Alex und ich lachten freudlos.
"Ich bewundere deinen grenzenlosen Optimismus, Molly", lobte Alex
"Aber ganz ehrlich: Es ist Mycroft!!!
Ich weiß, ich hab da eine Menge verpasst, aber sag mir bitte, wann er das letzte Mal froh war, Sherlock zu sehen... wenn es ihm wirklich irgendwann leid getan haben sollte, fresse ich meinen imaginären Hut."

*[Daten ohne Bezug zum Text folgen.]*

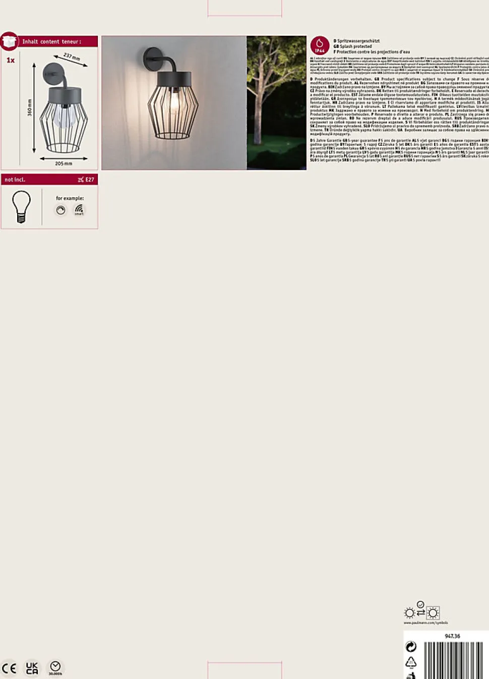 L’applique moderne Lanka, en discrètes tonalités de gris, confère un surcroît de sécurité à l’extérieur et un meilleur balisage dans l’obscurité. Les luminaires d’extérieur situés près de la côte sont exposés à des conditions environnementales plus sévères que ceux situés à l’intérieur des terres. La teneur en sel de l’air attaque plus fortement les métaux et les matières plastiques Grâce à la résistance à l’eau de mer, le luminaire résiste aux agressions environnementales en bord de mer et est donc idéal sur le littoral. Selon l’ampoule utilisée, la lampe est dimmable.

Ich war ganz seiner Meinung. Ich würde zwar keinen Hut essen, egal ob imaginär oder nicht, aber ich war seiner Meinung.
"Okay andere optimistische Theorie: Was wäre, wenn ihr es auch ohne Mycroft schaffen könntet? Wir haben das auch sonst immer geschafft, also warum nicht auch diesmal?", fragte Irene.
"Möglich wäre es, aber ich denke, es wird viel komplizierter, als sonst. Immerhin geht es hier um eine ganze Stadt. Und außerdem waren wir sowieso meistens nur Moriartys Zeitvertreib. Er hat sich wahrscheinlich so gut wie nie..."
"Oh doch, er hat sich Mühe gegeben. Jedes Mal. Sonst wäre es viel zu schnell vorbei gewesen", unterbrach ich ihn.
"Ich will nur darauf hinweisen, dass es nicht einfach wird."
"Na, dann beeilt euch mal", schlug Hamish vor. "Ihr habt eine Menge Arbeit vor euch und noch etwa zwei Monate Zeit. Was kann ich tun?"
Sofort machten wir uns an die Arbeit, doch eines stand weiterhin fest:
Wenn wir London auf diese Weise nicht retten konnten, dann auf keine, denn Alex würde sich nie wieder mit Mycroft versöhnen können.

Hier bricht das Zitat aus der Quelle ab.